Wheat today is completely different from the wheat we ate back in the day.
First of all, it is processed differently. New techniques in grain processing in the late 19th century made it possible to create massive amounts of refined wheat for a low cost.
We are now able to separate the nutritious components of the grain (the bran and germ) away from the endosperm, where most of the starchy carbs are contained
This led to an obvious reduction in nutrient density and gave refined wheat the ability to spike blood sugar very fast.
But we also used to prepare our grains differently. They were soaked, sprouted, fermented and bread was baked using slow rise yeast.
Sprouting and fermenting grains leads to many beneficial effects. It increases the amino acid lysine, reduces anti-nutrients (like phytic acid and lectins), disables enzyme inhibitors and makes nutrients more accessible (1, 2, 3, 4, 5).
Today, the flour is bleached and the bread is baked with quick rise yeast. The grains certainly aren’t soaked, sprouted or fermented.
Based on these factors alone, it is clear that the bread and pasta we are eating today is very different from the traditionally prepared wheat we have been eating for thousands of years
The plants that wheat is made from are not all the same.

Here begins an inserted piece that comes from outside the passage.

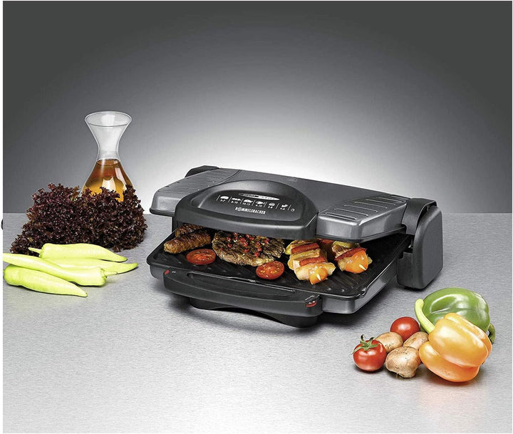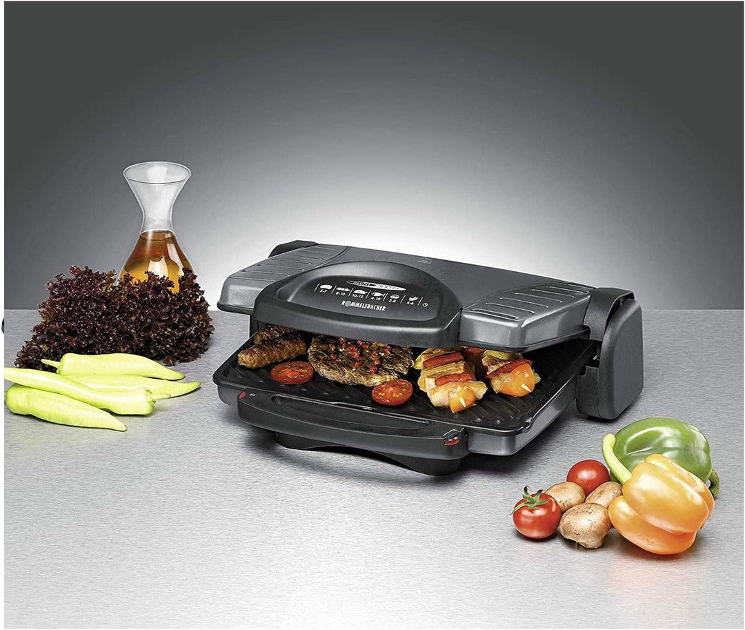 - Variable Anwendungsmöglichkeiten: als Kontaktgrill in geschlossenem Zustand, als Tisch- und Partygrill mit aufgeklappten Grillflächen, zum Überbacken mit arretierter oberer Grillplatte
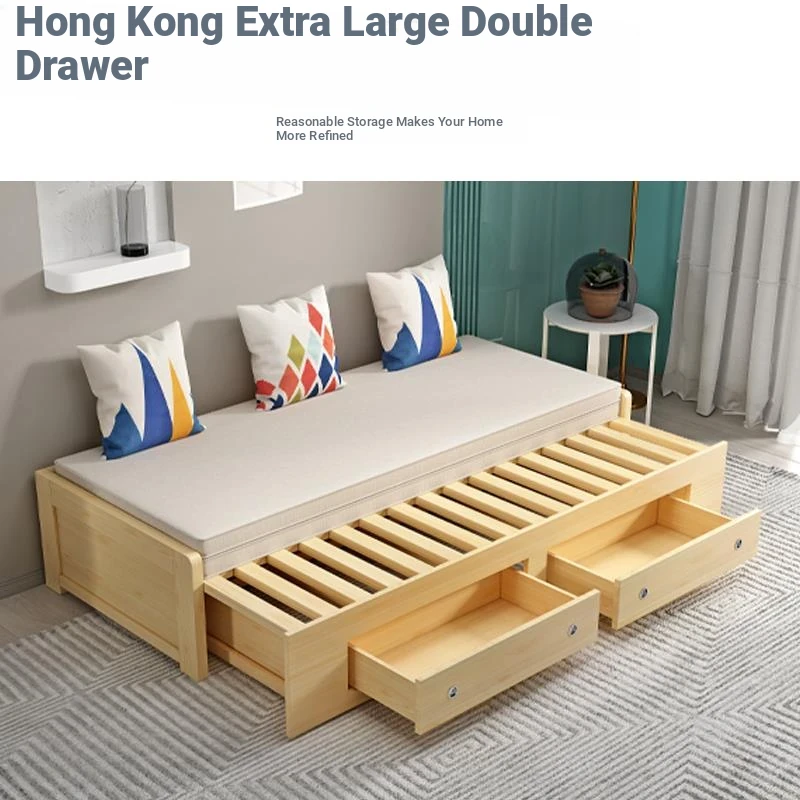 Free Shipping to Hong Kong: Multifunctional Solid Wood Sofa Bed - Space-Saving Foldable Design for Living Room, Perfect for 1.2m and 1.5m Small Apartments, Ideal for Sitting and Sleeping.

There are different breeds of wheat… just like there are many different breeds of dogs (a Chihuahua is very different from a German Shepherd, for example).
Back in the day, we used to consume ancient varieties like Emmer, Einkorn and Kamut.
However, almost all of the wheat eaten today is high-yield dwarf wheat, which was developed by cross-breeding and crude genetic manipulation around the year 1960.
Dwarf wheat has shorter stems and a much greater yield. Therefore it is much, much cheaper than the older varieties and more economically feasible.
The benefits of a high-yield crop are obvious, but we are now learning that there were some major downsides to this as well.
Specifically, modern wheat has some subtle but important differences in its nutrient and protein composition.